The quartet is the product of jazz performance programs at UNI and UI, and before that, high school band musicians. They’ve been playing in groups for thousands of hours over many years, and yet they’re still in their 20s.
Their ensemble playing is fluid, casual yet serious, and squarely in the center of the tradition of jazz performance. Interestingly, they don’t hark back to the ’50s and ’60s jazz that dominated jazz teaching even 20 years ago. Sam Ross and his band more often reference the late 1960s and 1970s, when there was a flowering of new ideas in jazz put forward by the alumni of Miles Davis’ various ensembles.

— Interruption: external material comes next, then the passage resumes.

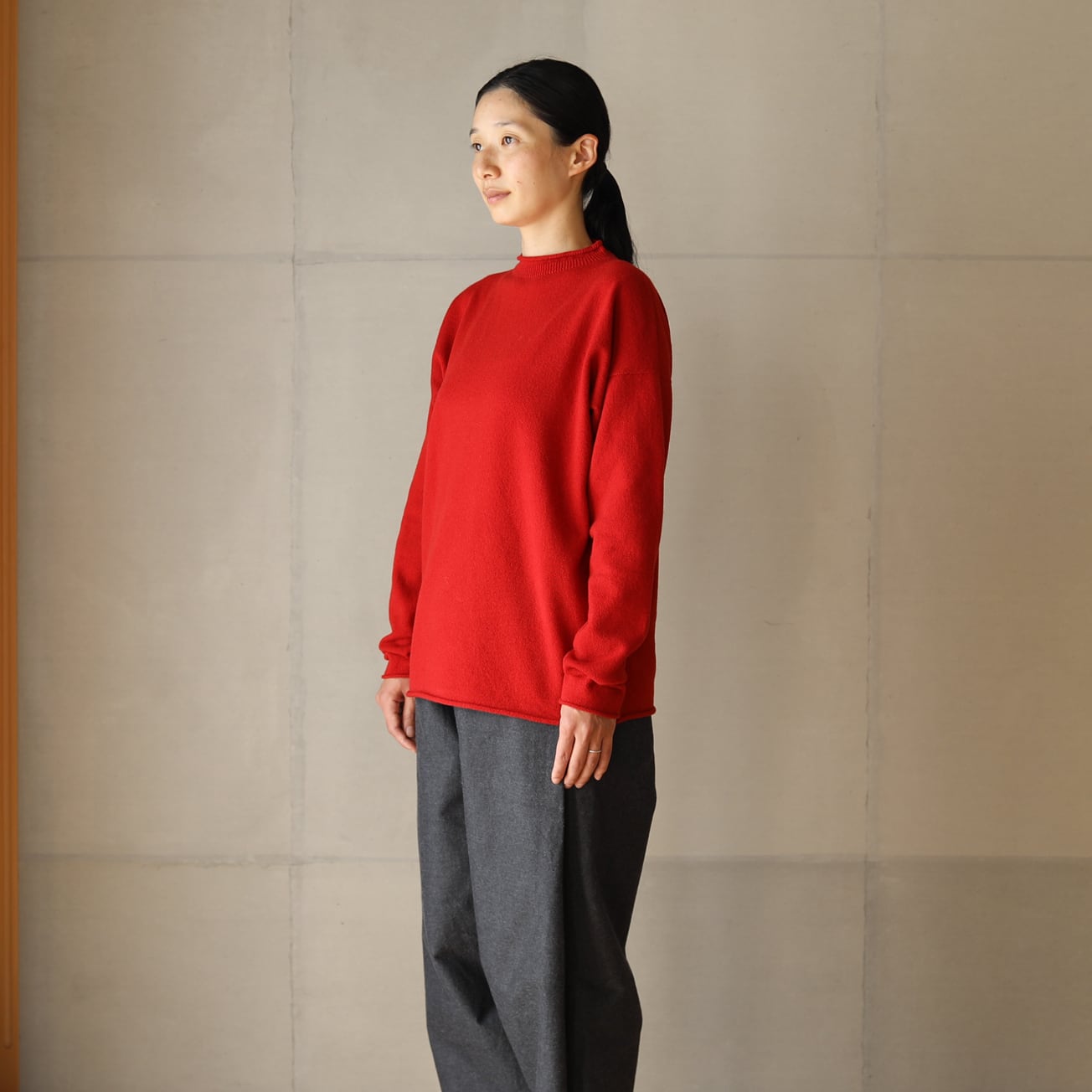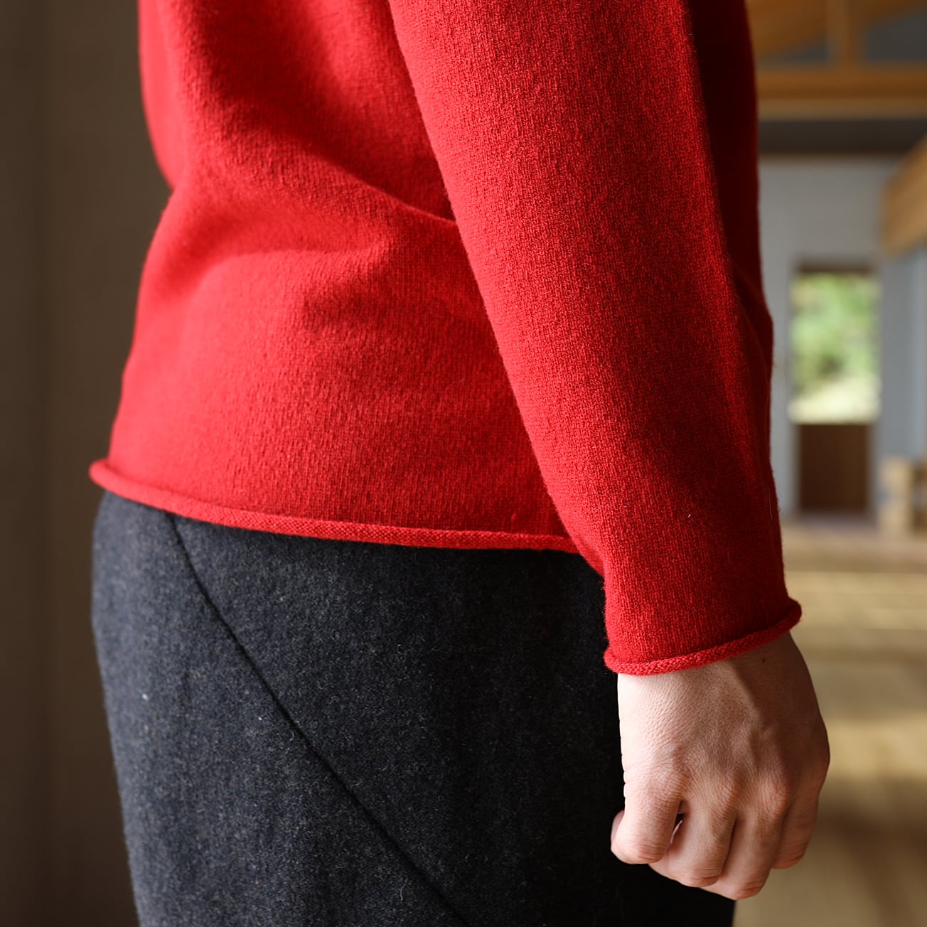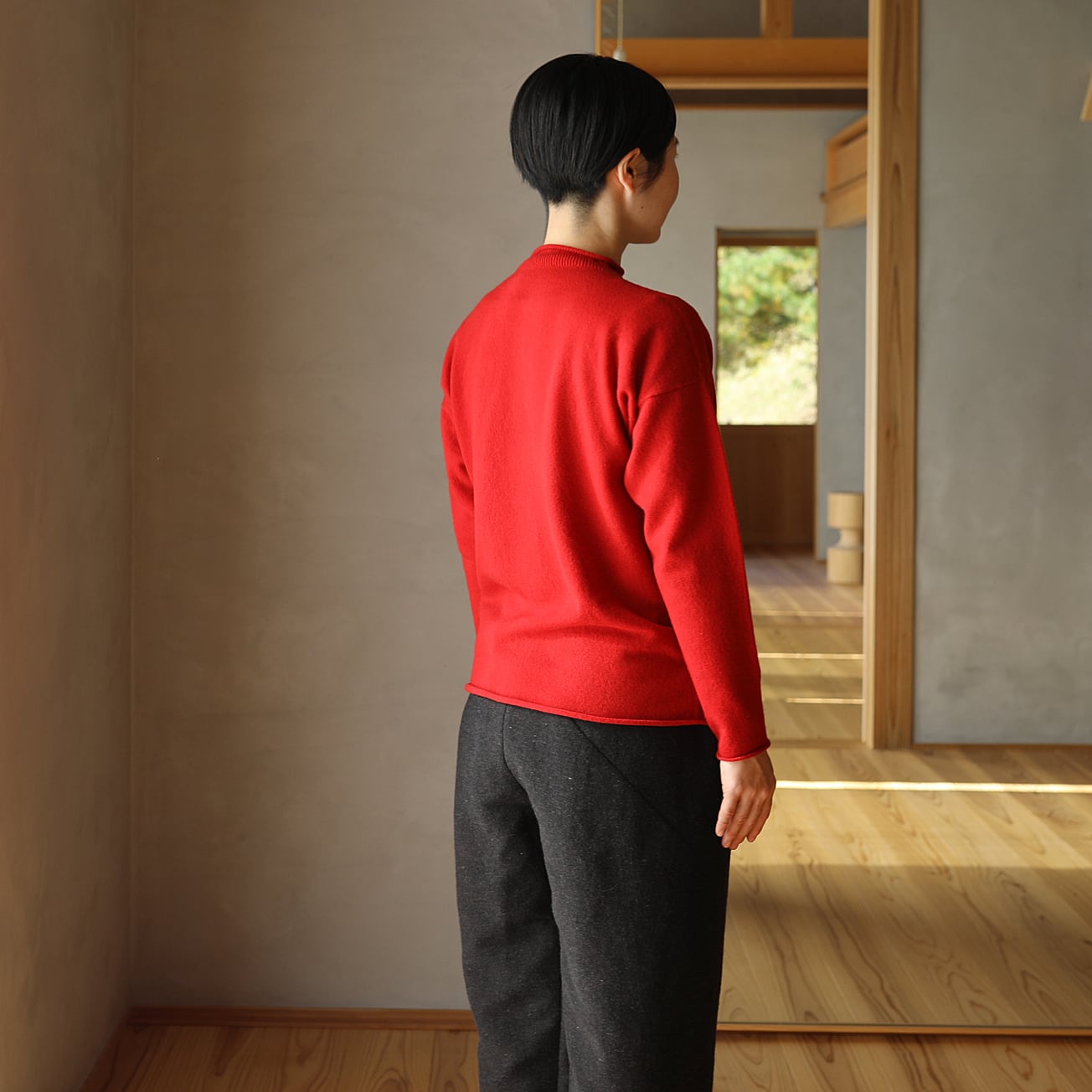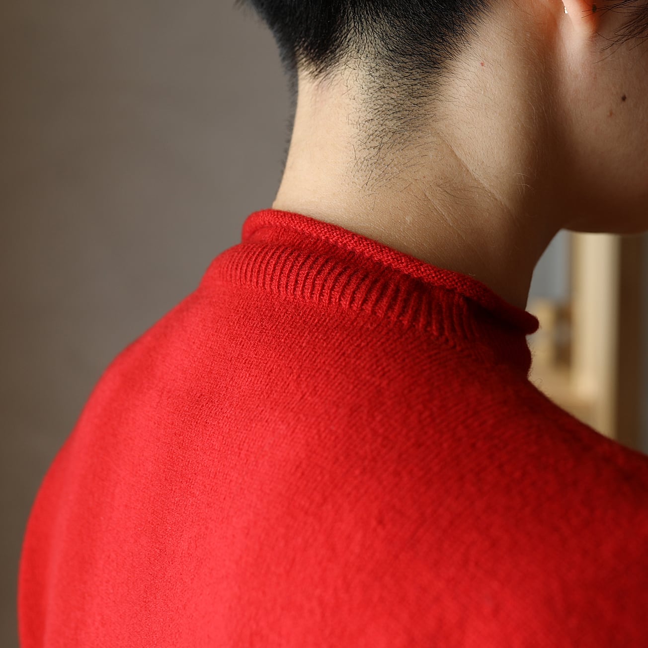 昔ながらのフィッシャーマンセーターをモチーフに、シンプルな形ながら立ち上げた襟ぐりやくるりとなった襟、袖口、裾が特徴です。

They opened with a funk performance of the Miles Davis song “Nardis,” giving it a funk backbeat. Next was Herbie Hancock’s “Sunflower,” establishing a trend of songs from that crucial time when jazz went electric.
But this group wasn’t born when the songs they played were written, and their musical influences include hip hop. A lot of young musicians come to jazz by combing WhoSampled.com to find where their favorite hip-hop producers got their grooves.
The Sam Ross quartet didn’t play any of their own original compositions, instead putting their a novel stamp on a musical era that shook up the jazz world. The quality of their playing and the interplay, particularly between the keyboard and drums, made it an engrossing listen.

Michael Sarian’s band similarly takes inspiration from Miles Davis and the electric period that started with “In A Silent Way.” The famous Miles recordings like “Bitches Brew” were put together with tape edits.
Sarian and his band (Santiago Leibson on keyboards, Marty Kenney on electric bass and Nathan Ellman Bell on drums) have their own musical mysteries to work out, even as they echo Miles’ musical vocabulary. They have adopted synths and effects for keyboards and Sarian’s trumpet.
Their songs are based around themes and fragments that you can hear on their album Esquina, but every performance is different, full of improvisatory twists and turns. They’re not imitating anyone; Miles Davis might be a touchstone (as he is for the Sam Ross Quartet), but the music is about being in the moment. They know where they’re going, but they’re creative about how they get there.
Jazz is freedom, with something new created every time one plays a song, even if it’s been played a thousand times before. The freedom of improvisation is balanced against the intention of the original creator. Playing is an act of recreation, adding a link to a chain in jazz’s storied history.